4Attach the base to a Chatbot, Agent, or a Workflow's Knowledge Retrieval node — the same base is shared across every app.
5Ask a cross-source question; the answer cites the chunk it retrieved.

RAG = retrieval-augmented generation. The app doesn't "know" your docs — at question time it retrieves the most relevant chunks and feeds them to the model; the citation you see is that chunk. Curating what goes in (keeping it on-topic) is the single biggest lever on answer quality. Swap the model any time from the app's model selector — OpenAI, Anthropic, Groq, local Ollama/LM Studio and dozens more — without touching the knowledge base or instructions. Configure providers once in settings; then any app can use them.

Run / deploy — three delivery surfaces

For humans
Public chat URL
Hit Publish and Dify gives a public chat URL to share with collaborators instantly.
For humans
Embeddable widget
Drop the app into another site as an embedded chat widget.
For your code
Service API
Every published app is callable from your scripts via Dify's own Service API, using the app's API key.

Service API — Dify's own endpoints (NOT OpenAI-compatible)

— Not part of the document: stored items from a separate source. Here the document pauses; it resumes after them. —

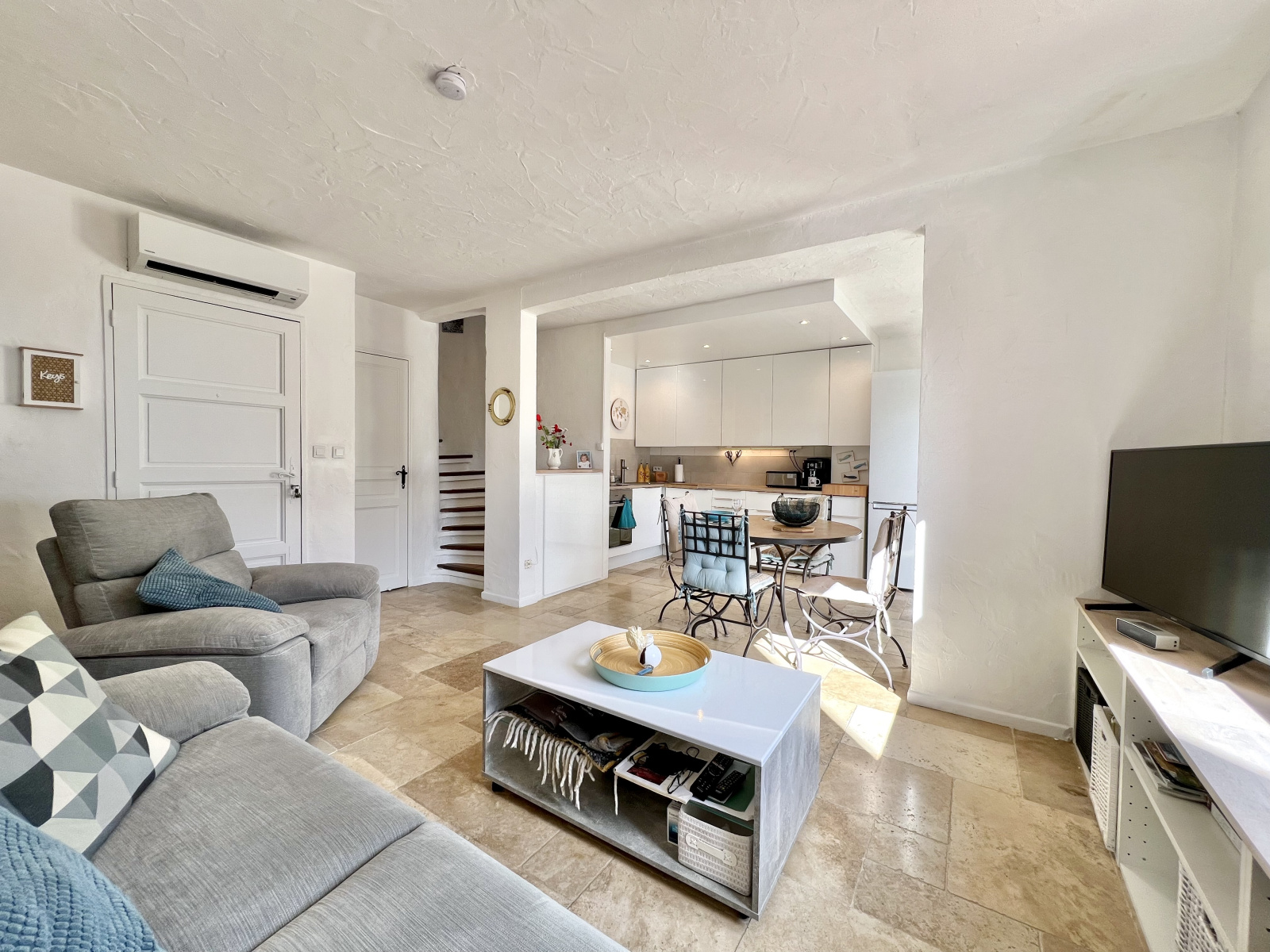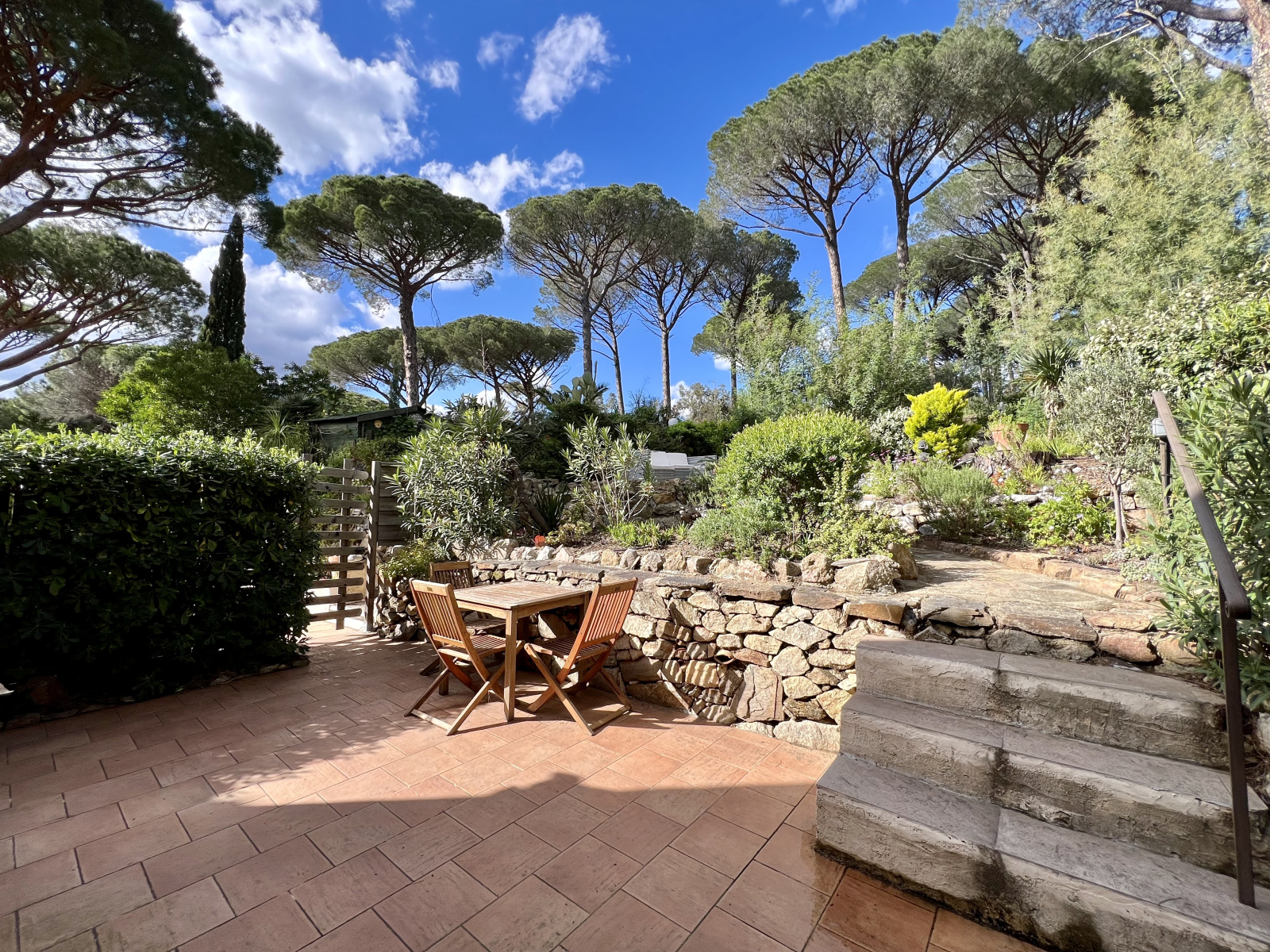 À Sainte-Maxime, dans une copropriété sécurisée "le Domaine des restanques" avec parc arboré, pinède, piscine et terrain de tennis, Bastides & Villas immobilier vous propose à l'achat ce Mas provençal qui a bénéficié d'une très belle rénovation intégrale avec de très jolis matériaux.
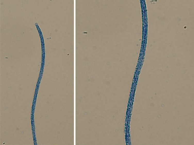 Ascospores filiform, hyaline, without septations and not fragmenting into part-spores, 400-500 × 1-1.5 μm.
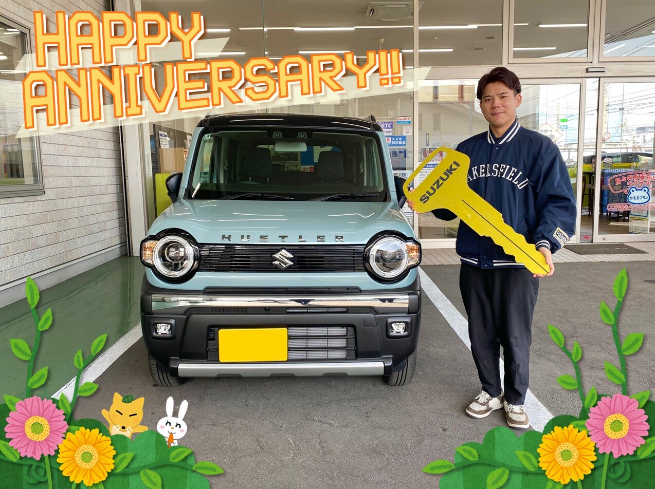 納車ギャラリー 2026.04.20 A様ご納車おめでとうございます! 愛車 ハスラー お客様 A様 グレード タフワイルド ボディーカラー オフブルーメタリック ブラック2トーン 皆さま、いつもあけぼのブログをご覧いただき 誠にありがとうございます この度A様にハスラーを ご納車させていただきました A様は今回初めてのお車購入ということで ハスラーをお選びいただきました 通勤にプライベートに頼りになること間違いなしの ハスラーで素敵なカーライフをお過ごしください A様この度はご納車おめでとうございます 今後ともよろしくお願いいたします
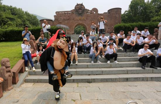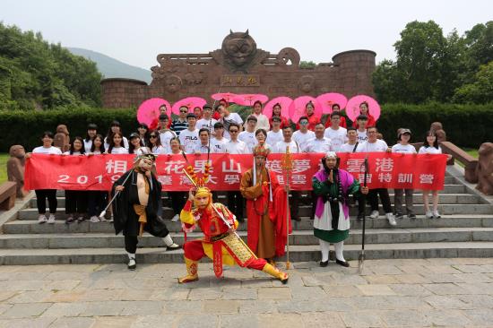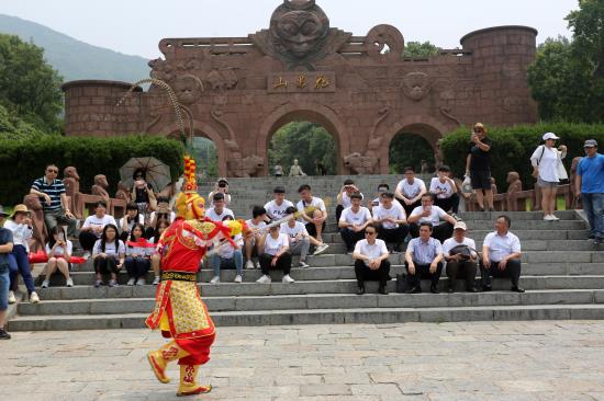 在对台交流基地——花果山景区,台湾大学生一行游览了花果山景区的主要景点,观看了精彩的西游文化表演,唐僧师徒四人为同学们表演了西游记中的经典片段,与同学们积极互动,猪八戒与台湾学生共同表演的猪八戒背媳妇,火爆全场。最后,台湾大学生、唐僧师徒四人、市台办和云台山景区管委会领导登台一起跳起来广场舞,为活动增添了气氛,拉近了距离,让台湾同学了解不一样西游文化,感受博大精深、历史悠久的中华文化。

Dify exposes its own Service API — these are not the OpenAI chat-completions endpoints. You build the app in the GUI; the API only calls the app you built, carrying its knowledge base and instructions with it. Authenticate with the app's secret key as a Bearer token. Base URL: https://api.dify.ai (or your self-host's URL).

EndpointUse for
POST /v1/chat-messagesChatbot / Agent apps — sends query, supports multi-turn via conversation_id
POST /v1/completion-messagesText-completion apps — sends only inputs, no conversation turn
curl -X POST 'https://api.dify.ai/v1/chat-messages' \
  --header 'Authorization: Bearer {YOUR_APP_API_KEY}' \
  --header 'Content-Type: application/json' \
  --data-raw '{
    "inputs": {},
    "query": "What is the main finding of this paper?",
    "response_mode": "streaming",
    "conversation_id": "",
    "user": "abc-123"
  }'

Leave conversation_id empty to start a new conversation; pass the id returned by the first call to continue the thread. response_mode is streaming or blocking. user is your own end-user identifier.

Tips

Pick the right app type: fixed sequence of steps → Workflow; the path depends on what the model finds → Agent; just grounded Q&A → Chatbot. Stress-test a knowledge base by asking one question whose answer IS in the corpus and one that clearly is NOT — note whether it cites, admits it doesn't know, or guesses; that tells you if you'd trust it for real work. Reshape behaviour in plain language, not code — edit the instructions (e.g. "answer in three bullet points for a first-year student, and always name the source"), re-publish, and grounding survives the rewrite. Watch your limits: the Sandbox's 200 message credits go fast in a classroom — swap to a local model (Ollama / LM Studio) to keep data on-prem and cost at zero.